Brief. Quote exactly and only this range of lines in the data below: the line that holds "Final hour start" to the line that holds "It also provides", both included.

Excerpted data.
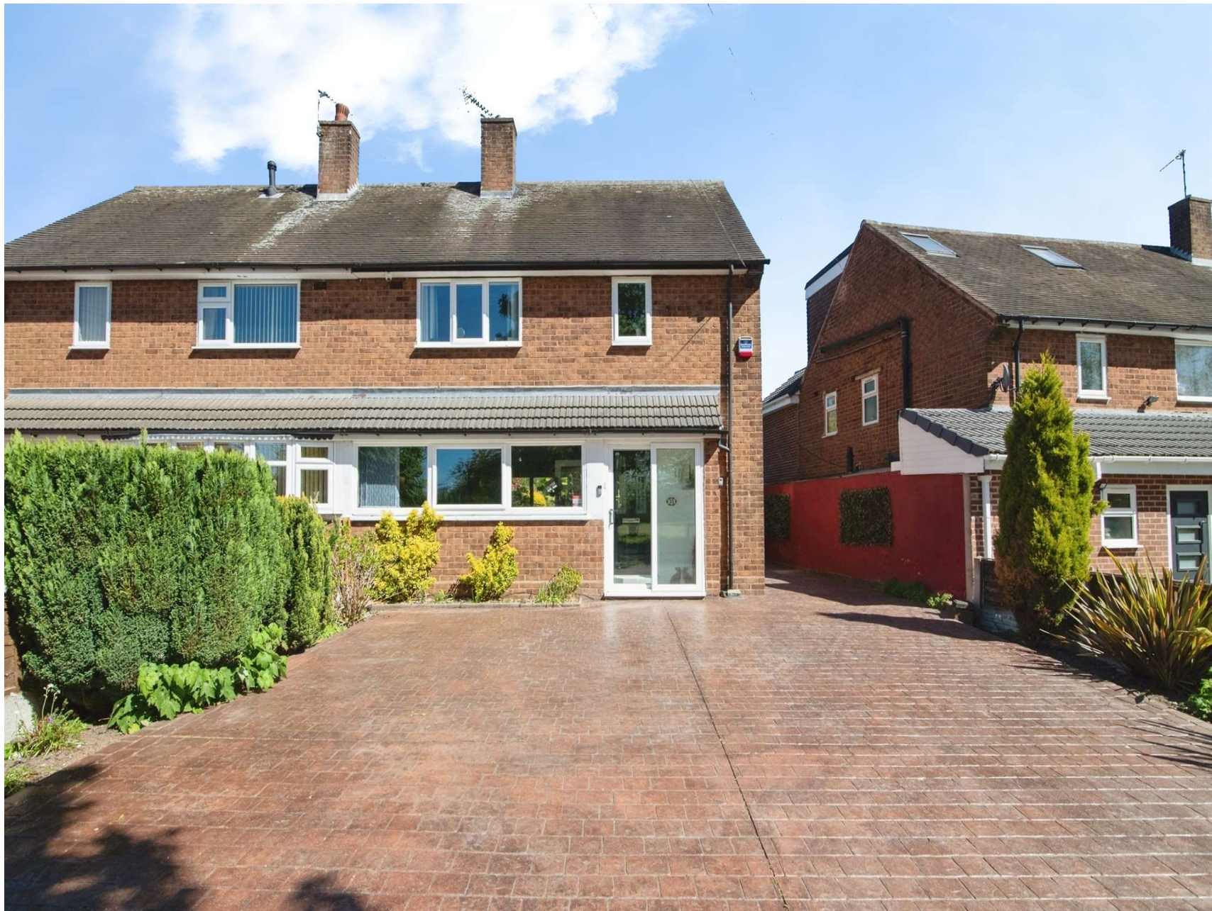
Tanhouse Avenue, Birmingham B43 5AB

==

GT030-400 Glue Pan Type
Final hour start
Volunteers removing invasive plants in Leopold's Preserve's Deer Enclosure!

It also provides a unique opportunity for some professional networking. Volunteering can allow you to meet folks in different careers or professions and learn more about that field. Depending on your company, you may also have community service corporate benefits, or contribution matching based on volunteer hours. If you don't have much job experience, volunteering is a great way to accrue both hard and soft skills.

Solution to this task.
Final hour start
Volunteers removing invasive plants in Leopold's Preserve's Deer Enclosure!

It also provides a unique opportunity for some professional networking. Volunteering can allow you to meet folks in different careers or professions and learn more about that field. Depending on your company, you may also have community service corporate benefits, or contribution matching based on volunteer hours. If you don't have much job experience, volunteering is a great way to accrue both hard and soft skills.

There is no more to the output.